National Homeownership Month Local Lending

Reflecting on the Past and Looking to the Future with National Homeownership Month

What is National Homeownership Month?

June is National Homeownership Month, a time to celebrate the benefits that homeownership brings to families, neighborhoods, and communities across America.

But this year, it looks significantly different than we all could have imagined.

For many Americans, homeownership is at risk – homeowners who have lost their jobs due to COVID-19 may find themselves needing to go onto a forbearance plan, while renters who had hoped to enter the housing market are suddenly shut out by tightened (yet temporary) credit restrictions and stay-at-home orders.

Still, Americans generally agree that owning a home is one of the best vehicles for building wealth. In 2019, home prices continued to rise, resulting in a national 4% YoY growth in home prices from Dec 2018 to Dec 2019. While the novel coronavirus has presented many issues for the American economy, we’ve continued to witness record-breaking volumes of refinances, and lately we’ve seen purchase volume begin to pick up.

National Homeownership Month has gone through many iterations to get to where it is today, starting as a week-long celebration in the 1920s created by local real estate associations to a month-long celebration initiative created by HUD. Today, the mortgage industry continues the message of helping people realize the dream of responsible homeownership.

Homeownership in the U.S.

There continues to be a noticeable shift from renting to homeownership, especially among younger buyers.
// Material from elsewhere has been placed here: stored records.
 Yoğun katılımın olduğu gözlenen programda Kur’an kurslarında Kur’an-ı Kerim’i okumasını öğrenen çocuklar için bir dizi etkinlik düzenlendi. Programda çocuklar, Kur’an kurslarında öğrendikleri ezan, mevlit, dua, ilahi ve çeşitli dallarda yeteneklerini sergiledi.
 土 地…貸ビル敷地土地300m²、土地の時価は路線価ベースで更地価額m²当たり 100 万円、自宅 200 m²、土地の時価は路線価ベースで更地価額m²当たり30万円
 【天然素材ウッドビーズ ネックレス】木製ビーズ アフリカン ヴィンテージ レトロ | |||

Although we believe this trend began in 2015, it started showing up in the official homeownership data.

According to Zillow, the average home value was $246,000 at the end of 2019, an increase of about 3.6%. Rising home prices leans into the idea that homeownership is still a top way for people to increase their wealth through home equity.
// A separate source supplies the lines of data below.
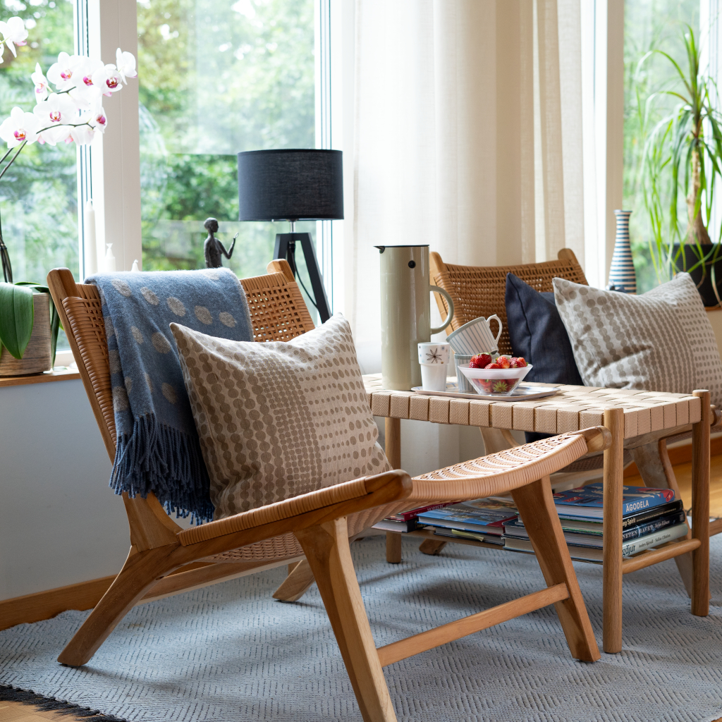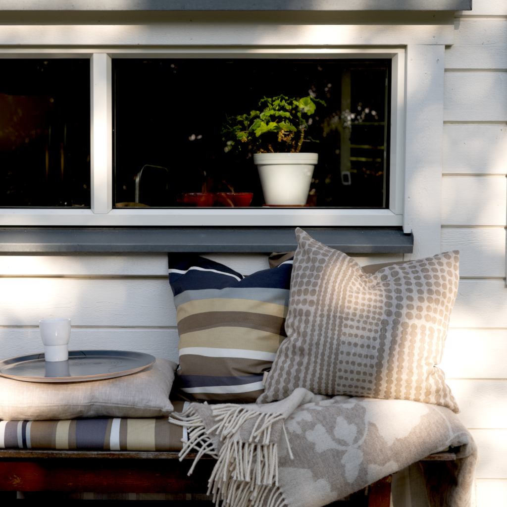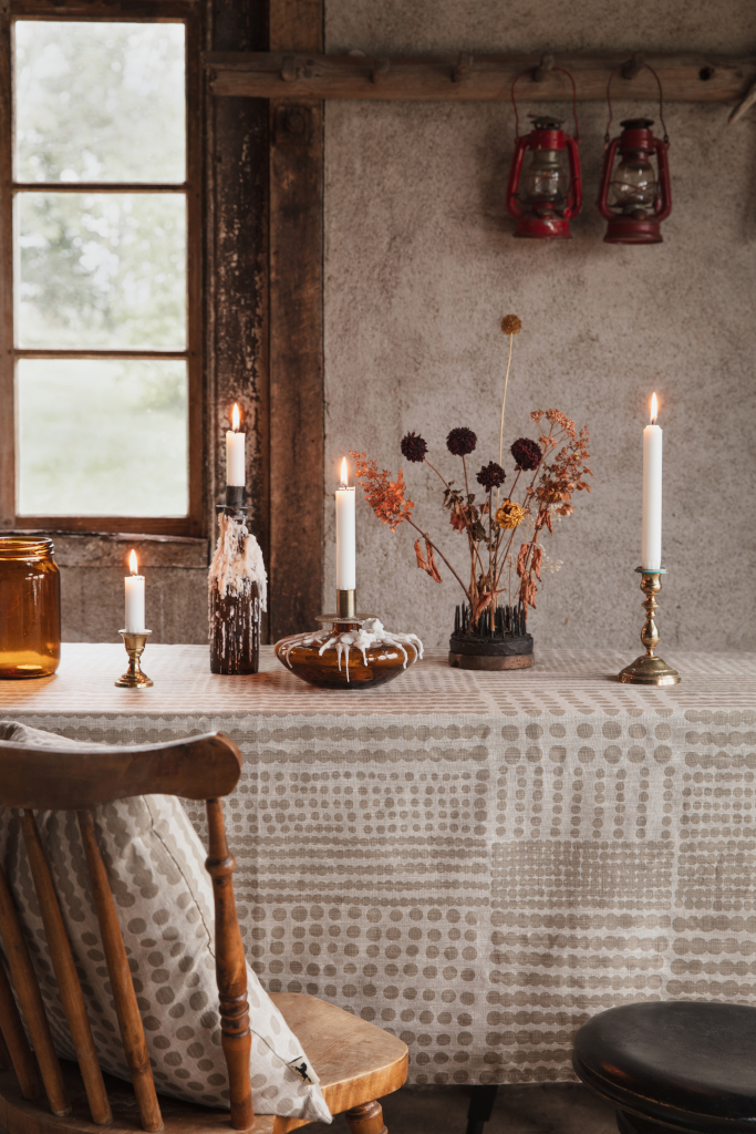 Pricktyg kännetecknas av en grafisk enkelhet där varje prick är handmålad och placerad med omsorg. Pricktyg natur/taupe har en mjuk beige ton tryckt på oblekt linnetyg som har en härlig levande yta.
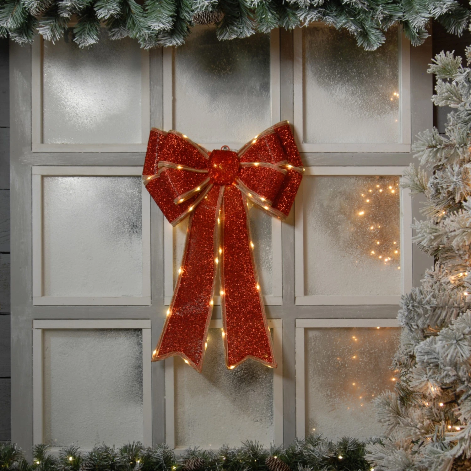 This beautiful red bow, lit with warm white LEDs, will be perfect as a statement piece for your door or to add a touch of elegance to any part of your festive display.
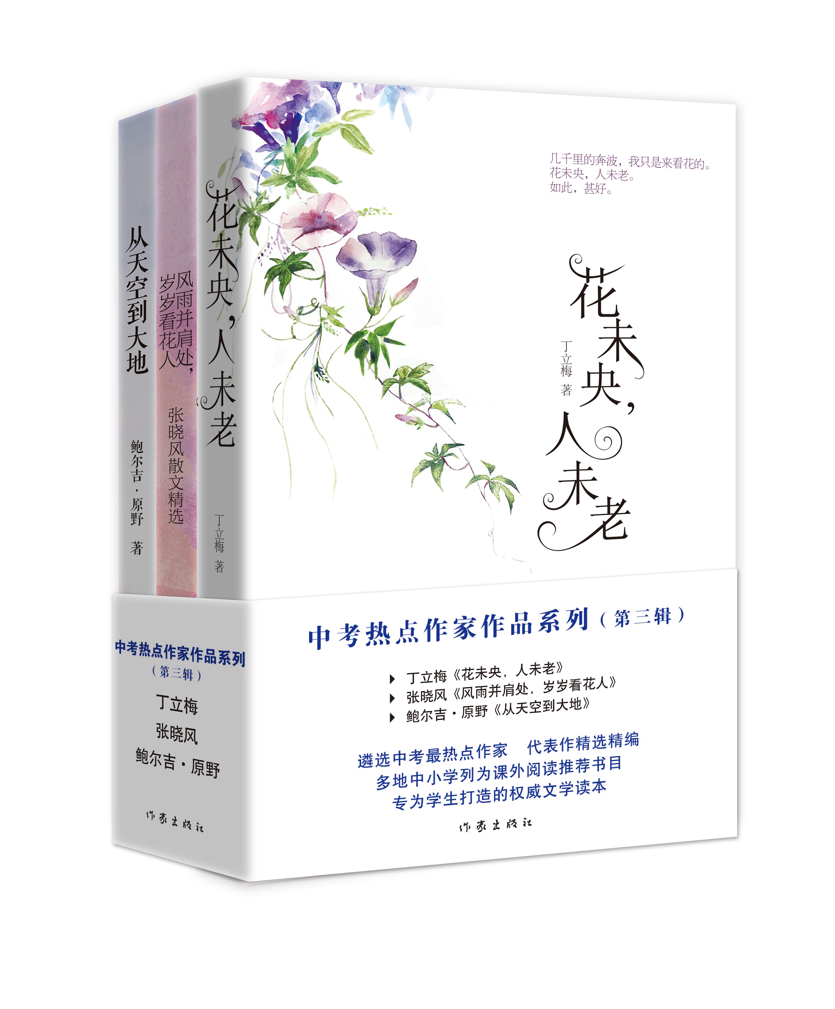 《花未央,人未老》:丁立梅全新散文自选集,分为“光阴如绣,蔓草生香”“卖得一枝花欲放”“森林笔记”“天上有云姓白”“昨日重现”“你在,就心安”“风知道”等七辑,收录丁立梅散文80余篇。丁立梅文笔细腻,清新温婉;作品清新,意境隽永。在看似平淡寻常的小场景小事件中,传递着爱与感动。带你细品用音乐煮出的文字,用文字感怀温暖的人生。上百篇文章被设计成语文考试现代文阅读材料,连续十年被选作中考试题。 《风雨并肩处,岁岁看花人》:张晓风散文精选集,分为“只因为年轻啊”“尘缘”“种种有情”“我交给你们一个孩子”“我喜欢”“不知有花”等六辑,收录张晓风散文七十余篇。张晓风的散文淡然平和,而内在深沉广阔,富于哲思,兼具浓厚的文化情怀,从寻常小事切入,点绘宽广的人生与大千世界的奥妙。余光中称赞其文笔“扬之有豪气,抑之有秀气,而即使在柔婉的时候,也带一点刚劲”。 《从天空到大地》:鲍尔吉·原野全新散文集,分为“天空”“大地”“河流”“季候”“雨”“树”“草”等十一辑,精选鲍尔吉·原野散文90余篇。鲍尔吉·原野的文章精微深邃、优美葱茏,透露着“独与天地精神往来”的云水情怀。
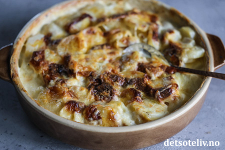 Skrell potetene og skjær dem i skiver. Ha potetene i en smurt, ildfast form (27 cm i diameter eller på størrelse med liten langpanne 20 x 30 cm).
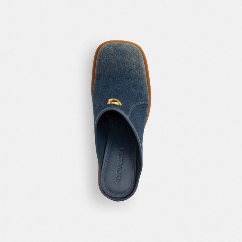 COACH®,Sculpted C Heeled Mule In Loved Denim,Denim,Leather,Rubber,Clogs,Mules,Logo,Metal,Day Party,Navy,Inside View,Top View
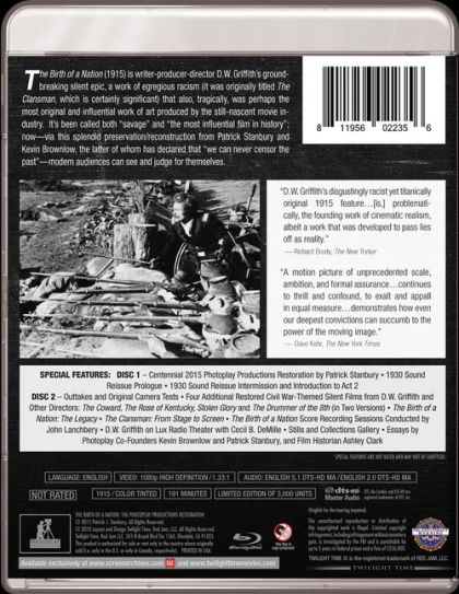 | Writer | Thomas Dixon Jr., D.W. Griffith, Frank E. Woods, Woodrow Wilson, John M. Hay, John G. Nicolay | |

Navigating the Current Environment

In the past, we’ve discussed some hefty challenges facing first-time homebuyers such as low housing inventory, home prices outpacing wage increases, and large amounts of student debt when you consider the Millennial generation.

On top of these existing challenges, our country is now navigating through a pandemic that has forced people to stay at home, thereby discouraging prospective homebuyers from looking and prospective home sellers from listing. Servicers are also working double-time to help distressed borrowers into forbearance and workout plans so they can stay in their homes.

What Can We Do?

There are plenty of mortgage products that can help first-time homebuyers get into a home and start building equity in a long-term investment vehicle. These options include VA loans, HFA loans, FHA loans, and conventional loans with private mortgage insurance. While different loans make sense for different borrowers, conventional loans with private mortgage insurance have become more popular with first-time homebuyers, helping more first-time homebuyers in the past year than any other loan products.

The mortgage industry can’t influence larger market trends like inventory, but they can educate first-time homebuyers on their financing options. That means encouraging good savings habits, expanding knowledge of different types of loans, and showing the long-term payoff of owning a house.